### [Data records]

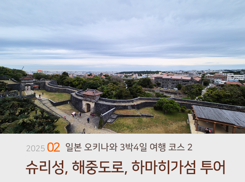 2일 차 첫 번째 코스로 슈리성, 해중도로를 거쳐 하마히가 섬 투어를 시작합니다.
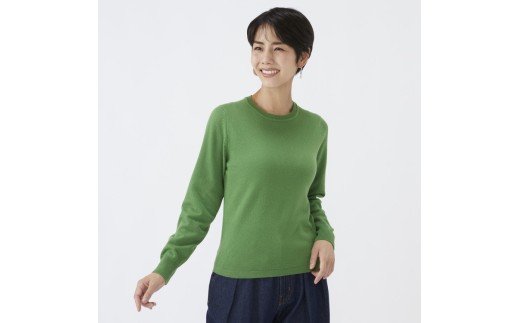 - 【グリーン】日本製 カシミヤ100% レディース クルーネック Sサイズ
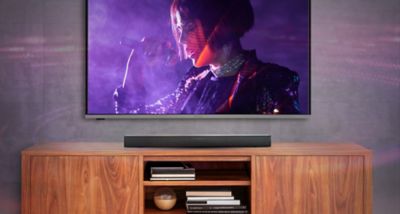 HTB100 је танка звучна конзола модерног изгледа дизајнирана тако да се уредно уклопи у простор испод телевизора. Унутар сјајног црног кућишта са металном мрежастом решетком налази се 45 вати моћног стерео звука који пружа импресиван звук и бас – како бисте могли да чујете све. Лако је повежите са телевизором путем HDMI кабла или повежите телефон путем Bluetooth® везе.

* * *

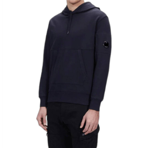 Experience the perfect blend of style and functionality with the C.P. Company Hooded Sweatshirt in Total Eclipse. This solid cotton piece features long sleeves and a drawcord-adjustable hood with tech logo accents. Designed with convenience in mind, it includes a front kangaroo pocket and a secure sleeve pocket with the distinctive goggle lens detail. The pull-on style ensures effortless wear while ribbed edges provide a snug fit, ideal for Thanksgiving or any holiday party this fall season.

### [How to complete this task]
Only one stretch of the entries above is needed: the lines from the one containing "2일 차 첫 번째 코스로" through the one containing "HTB100 је танка". Copy it exactly, without the pictures.

### [Result]
 2일 차 첫 번째 코스로 슈리성, 해중도로를 거쳐 하마히가 섬 투어를 시작합니다.
 - 【グリーン】日本製 カシミヤ100% レディース クルーネック Sサイズ
 HTB100 је танка звучна конзола модерног изгледа дизајнирана тако да се уредно уклопи у простор испод телевизора. Унутар сјајног црног кућишта са металном мрежастом решетком налази се 45 вати моћног стерео звука који пружа импресиван звук и бас – како бисте могли да чујете све. Лако је повежите са телевизором путем HDMI кабла или повежите телефон путем Bluetooth® везе.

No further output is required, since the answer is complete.